Easy-RSA is used at first to generate what is called a 'PKI', or 'Public Key Infrastructure'. This is a system that wherein a Certificate Authority (CA) can receive certificate signing requests (CSRs) and generate certificates and certificate revocation lists (CRLs). These certificates are what interest us here.

A CA is built before the script generates two certificates (one for the server and one for the client), along with a CRL. Once the CA and both certificates have been built, they are copied into /etc/openvpn and their content is copied into the .ovpn client configuration file (between appropriate tags), so that the client has copies of these certificates too.

Common troubleshooting

The following is a short list of typical errors that are encountered while using VPNator.

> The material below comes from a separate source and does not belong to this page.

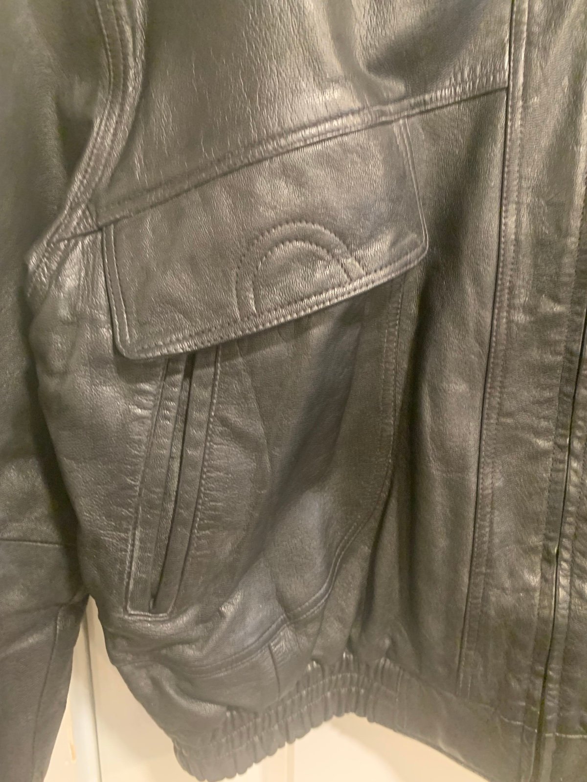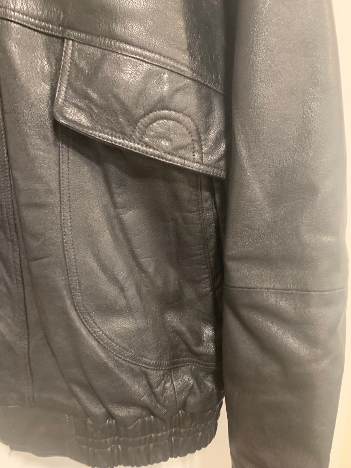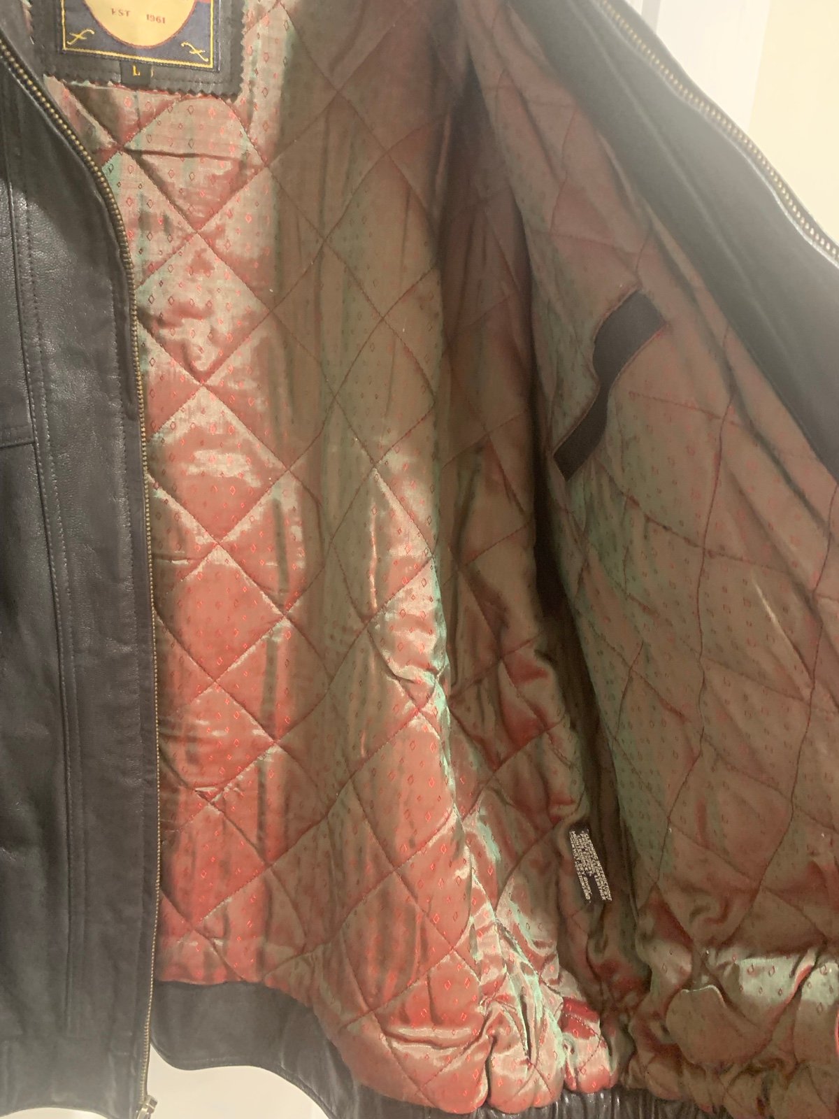 The product is a rare vintage Members Only leather jacket from the 80s, designed specifically for men in size L. The jacket is in black color with a classic motorcycle style, perfect for those looking for a unique and retro addition to their wardrobe. Made from high-quality leather, this jacket exudes a sense of nostalgia and style that is sure to make a statement.

  • Skipped errors during stop operation : VPNator tries to pkill openvpn on the remote host. If OpenVPN is not running (either because you haven't started it yet or because you manually killed it, or maybe it crashed), this will fail, and Ansible will catch that failure. To prevent the playbook from failing when that happens, this error is ignored. The same thing is done for fireqos stop.
  • No traffic goes through one or more of the VPNs but the tunnels work : this should not happen any more, but do check that both the IP table rule and IP forwarding are set as expected.

To-do list

  • Upgrade Easy-RSA in the certificate generation script to version 3.0.6.